Дидье наконец рассмеялся:
— Не-а.
— И зря, — хмыкнул Грир, отпивая из бокала.
Чёрт возьми, он был доволен своим трактиром, то есть трактиром Тиш. Здесь было тепло, светло, уютно, в камине, о котором всегда мечтала Маркиза, трещали смолистые поленья, около камина заманчиво покачивались два плетёных кресла…
Подумав, капитан «Разящего» пересел в одно из них и с удовольствием вытянул длинные ноги.
На каминной полке исправно тикали часы и дремал толстый полосатый кошак, а в углу стояла корзинка с ярким вязаньем.
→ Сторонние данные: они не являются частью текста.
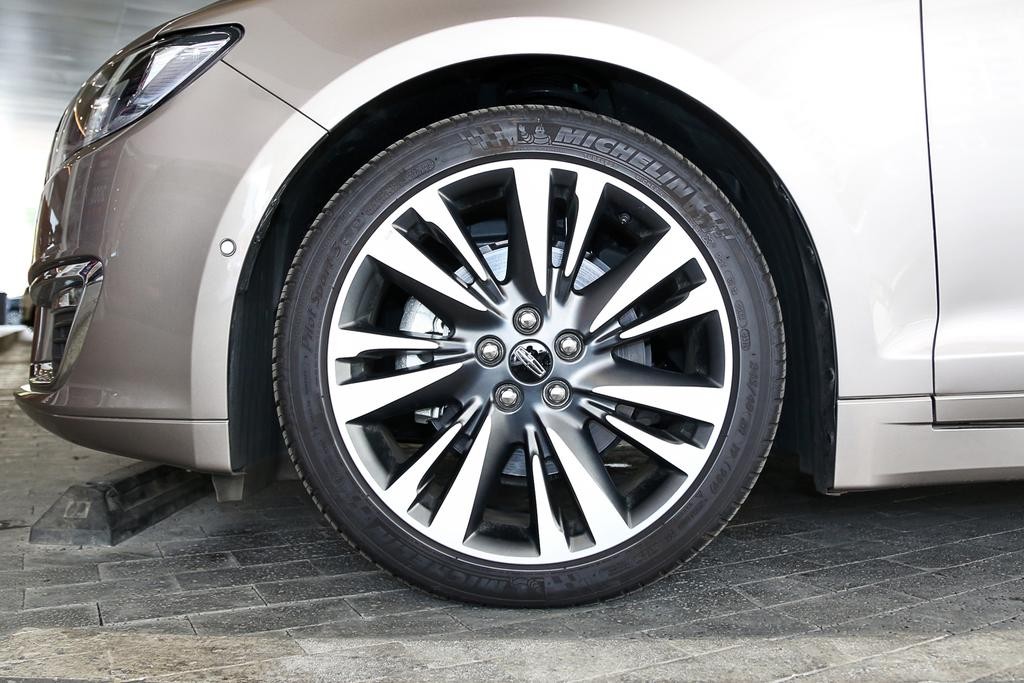 车身侧面的线条较为流畅,整车尺寸4925*1864*1477mm,轴距2850mm。从尺寸方面来看,车身长度在B级车中处于中等偏上,但MKZ的轴距在同级中并不占优,反而只能算是普通的存在。MKZ采用亮面铝合金多辐式轮毂,视觉效果看起来的确不错。

Вино в бокале было ароматным, как райский сад, мясо с приправами таяло во рту.
Гриру нравилось здесь решительно всё.
Не нравился ему только вид чертяки Дидье. И, судя по встревоженным глазам Морана, ему — тоже.
— Зря не беспокоишься, — кашлянув, хмуро повторил Грир. — Я б давно прибил бы этих засранцев, да рука не подымается.
Дидье опять расхохотался и живо спросил:
— Чего они последним-то изобрели?
— Когда «Маркиза» ещё не ушла в Шанхай, — прыснул и Моран, — они с мостика до трюма друг другу через мембраны и трубу орали.
— Nombril de Belzebuth! Я б им такое поорал! — ещё пуще захохотал Дидье, блеснув глазами. — А зачем «Маркиза» пошла в Шанхай?
— Дела, — отрезал Грир, сдвигая брови. — Где Тиш?
Ему с порога стало ясно, что хозяйка отсутствовала в трактире, а не просто крепко заснула наверху, не замечая прихода гостей.
Взгляд бывшего старпома «Маркизы» стал непроницаемым.
— В Порт-Ройяле. Прикупает кое-что, — небрежно сообщил он.
— Ясно, — прошептал Моран и прикусил губу.
Гриру тоже было всё ясно.
Прикончит парня, дура.
Ну почему же все бабы такие дуры?! Даже лучшие из них.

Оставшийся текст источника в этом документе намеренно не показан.